Kinetoplastid-specific histone variant functions are conserved in Leishmania major

Protein-coding genes in kinetoplastid protists are transcribed from polycistronic arrays, yielding RNA precursors which are processed to form mature transcripts bearing a 5’ spliced leader (SL) and 3’ poly(A) tract. Regions of transcription initiation and termination lack known eukaryotic promoter and terminator elements, and current data suggest that transcription is instead regulated predominantly through epigenetic mechanisms. Several epigenetic marks, including histone modifications, histone variants, and an atypical DNA modification known as base J have been localized to regions of transcription initiation or termination in Trypanosoma brucei, Trypanosoma cruzi, and/or Leishmania major. Despite this conservation, the phenotypes of base J mutants vary significantly across trypanosomatids, suggesting that the specific epigenetic networks governing transcription initiation and termination have diverged significantly during evolution. In this light, we sought to characterize and compare the roles of the histone variants H2A.Z, H2B.V, and H3.V in L. major. As in T. brucei, the histone variants H2A.Z and H2B.V were shown to be essential in L. major using a powerful quantitative plasmid segregation-based test. In contrast and again similar to T. brucei, H3.V is not essential in Leishmania as H3.V-null lines grew normally, resembled WT, and remained infectious. Using SL-primed RNA-seq, we found that H3.V-null parasites have steady-state transcript levels comparable to WT parasites and display no defects in the efficiency of transcription termination at convergent strand switch regions (SSRs). Our results show a conservation of histone variant phenotypes between L. major and T. brucei, in contrast to the phenotypes associated with the epigenetic DNA base J modification. Total RNA from Four LmjF samples were analyzed using RNA-Seq. One of them is wildtype parasites, one is single knockout for H3V gene and two independent double knockouts for H3V gene.

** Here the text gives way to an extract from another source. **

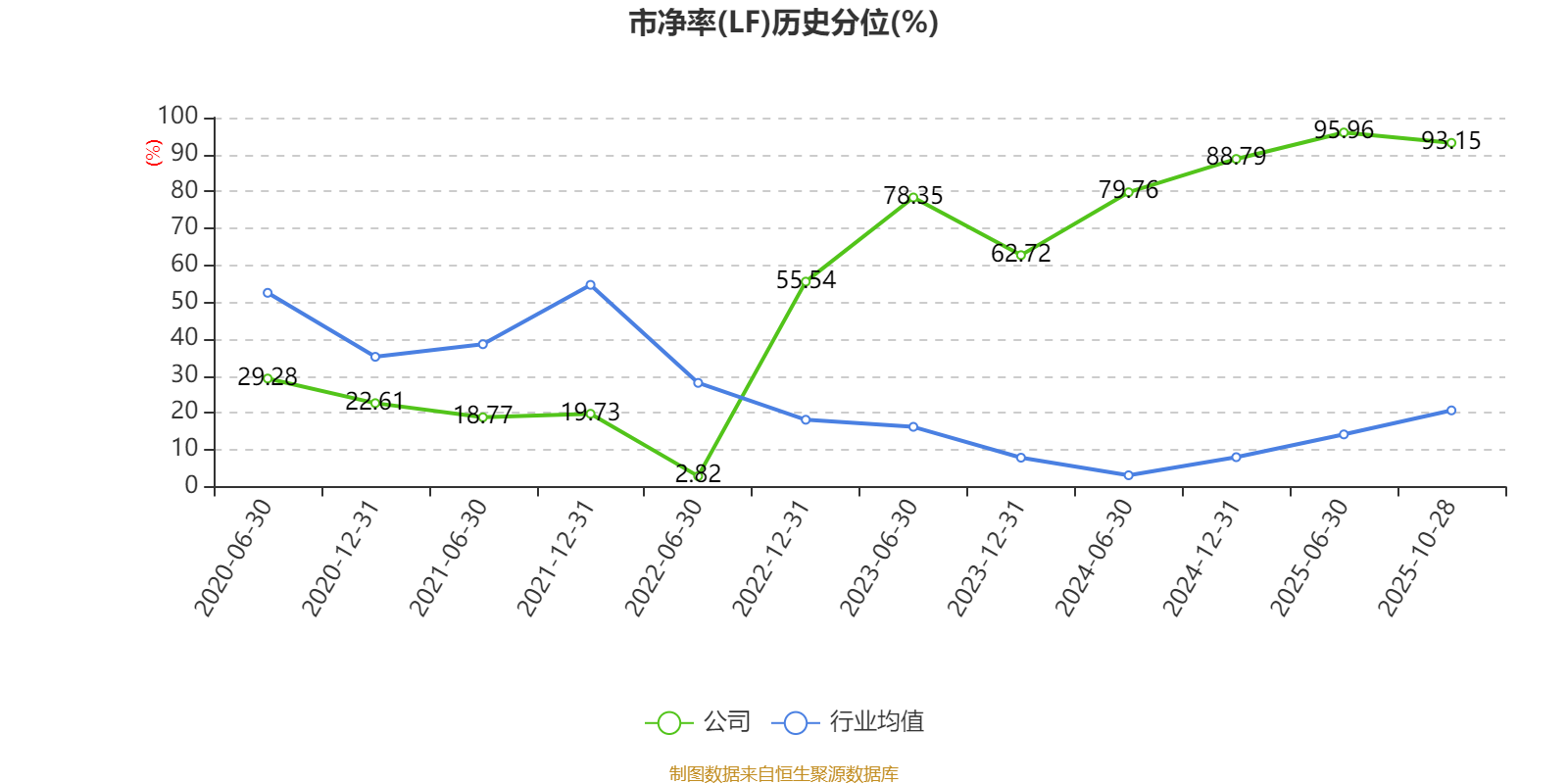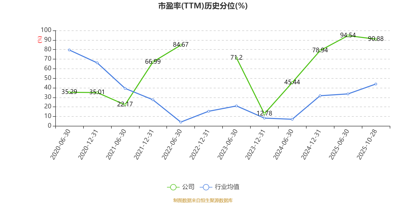 市盈率、市净率为负时,不显示当期分位数,会导致折线图中断。
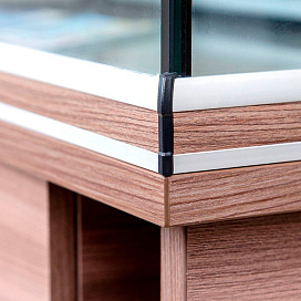 - Прочность и долговечность. Верхний периметр крышки и нижняя рамка сделаны из анодированного алюминиевого профиля. Качественный анодный слой не оставляет следов от прикосновений и имеет равномерную матовую текстуру. Главное преимущество анодного слоя в том, что он не подвержен коррозии. Аквариум с отделкой из анодированного алюминия прослужит Вам еще дольше! Нижняя декоративная рамка аквариума обеспечивает правильное распределение нагрузки на подставке, что позволяет не использовать никаких подкладочных материалов при установке аквариума на подставку. Цветные вставки на аквариуме можно легко менять, это пригодиться при смене интерьера.

动质体原生生物（kinetoplastid protists）的蛋白质编码基因由多顺反子阵列（polycistronic arrays）转录生成，产生的RNA前体经加工后形成带有5’端剪接前导序列（spliced leader, SL）和3’端poly(A)尾（poly(A) tract）的成熟转录本。转录起始与终止区域缺乏已知的真核生物启动子和终止子元件，现有数据表明，该类生物的转录主要通过表观遗传机制（epigenetic mechanisms）进行调控。已有研究在布氏锥虫（Trypanosoma brucei）、克氏锥虫（Trypanosoma cruzi）以及硕大利什曼原虫（Leishmania major）中，将包括组蛋白修饰（histone modifications）、组蛋白变体（histone variants）以及一种被称为碱基J（base J）的非典型DNA修饰在内的多种表观遗传标记定位到转录起始或终止区域。尽管存在这种保守性，但碱基J突变体的表型在锥虫体（trypanosomatids）中差异显著，这表明调控转录起始与终止的特异性表观遗传网络在进化过程中发生了显著分化。鉴于此，我们旨在表征并比较组蛋白变体H2A.Z、H2B.V以及H3.V在硕大利什曼原虫中的功能。与布氏锥虫的研究结果一致，基于质粒分离的定量检测法证实，H2A.Z与H2B.V在硕大利什曼原虫中是必需的。与之相反，且同样与布氏锥虫的研究结果相似，H3.V在利什曼原虫中并非必需：H3.V基因敲除株的生长状态正常，与野生型（wildtype）菌株无差异，且仍保持感染性。我们采用剪接前导序列引物介导的RNA测序（SL-primed RNA-seq）分析发现，H3.V敲除寄生虫的稳态转录本水平与野生型寄生虫相当，且在反向链转换区域（convergent strand switch regions, SSRs）的转录终止效率上未出现缺陷。本研究结果表明，硕大利什曼原虫与布氏锥虫之间的组蛋白变体表型具有保守性，这与表观遗传DNA碱基J修饰相关的表型形成鲜明对比。本研究对4份硕大利什曼原虫（LmjF）样本的总RNA进行了RNA测序（RNA-Seq）分析，其中1份为野生型寄生虫样本，1份为H3V基因单敲除样本，另外2份为独立获得的H3V基因双敲除样本。